Search the entries for the word "movement" and pull out each line that has it.

++++ Recorded information ++++

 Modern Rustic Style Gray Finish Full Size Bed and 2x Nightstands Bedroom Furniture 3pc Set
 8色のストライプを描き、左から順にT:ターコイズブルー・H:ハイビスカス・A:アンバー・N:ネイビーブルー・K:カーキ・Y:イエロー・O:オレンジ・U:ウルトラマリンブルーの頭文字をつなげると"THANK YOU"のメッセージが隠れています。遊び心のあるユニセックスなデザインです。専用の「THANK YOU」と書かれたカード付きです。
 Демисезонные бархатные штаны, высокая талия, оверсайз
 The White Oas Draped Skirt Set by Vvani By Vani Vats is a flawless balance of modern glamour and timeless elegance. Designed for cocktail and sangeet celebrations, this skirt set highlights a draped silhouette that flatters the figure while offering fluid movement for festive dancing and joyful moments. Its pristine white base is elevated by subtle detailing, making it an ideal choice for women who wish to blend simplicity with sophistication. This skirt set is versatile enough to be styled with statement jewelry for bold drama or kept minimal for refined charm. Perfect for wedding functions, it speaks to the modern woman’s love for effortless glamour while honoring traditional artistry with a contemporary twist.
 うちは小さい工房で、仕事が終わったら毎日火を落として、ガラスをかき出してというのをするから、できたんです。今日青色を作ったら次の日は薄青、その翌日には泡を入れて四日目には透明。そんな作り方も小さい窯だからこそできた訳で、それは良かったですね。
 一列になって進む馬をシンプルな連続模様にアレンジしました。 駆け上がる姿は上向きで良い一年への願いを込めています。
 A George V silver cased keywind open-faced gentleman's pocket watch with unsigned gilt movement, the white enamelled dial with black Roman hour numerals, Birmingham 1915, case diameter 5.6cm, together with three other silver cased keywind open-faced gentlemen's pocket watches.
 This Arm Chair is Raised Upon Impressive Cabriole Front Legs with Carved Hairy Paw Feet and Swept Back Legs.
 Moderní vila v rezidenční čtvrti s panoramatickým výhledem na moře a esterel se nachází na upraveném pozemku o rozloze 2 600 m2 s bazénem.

++++

Written solution:
 The White Oas Draped Skirt Set by Vvani By Vani Vats is a flawless balance of modern glamour and timeless elegance. Designed for cocktail and sangeet celebrations, this skirt set highlights a draped silhouette that flatters the figure while offering fluid movement for festive dancing and joyful moments. Its pristine white base is elevated by subtle detailing, making it an ideal choice for women who wish to blend simplicity with sophistication. This skirt set is versatile enough to be styled with statement jewelry for bold drama or kept minimal for refined charm. Perfect for wedding functions, it speaks to the modern woman’s love for effortless glamour while honoring traditional artistry with a contemporary twist.
 A George V silver cased keywind open-faced gentleman's pocket watch with unsigned gilt movement, the white enamelled dial with black Roman hour numerals, Birmingham 1915, case diameter 5.6cm, together with three other silver cased keywind open-faced gentlemen's pocket watches.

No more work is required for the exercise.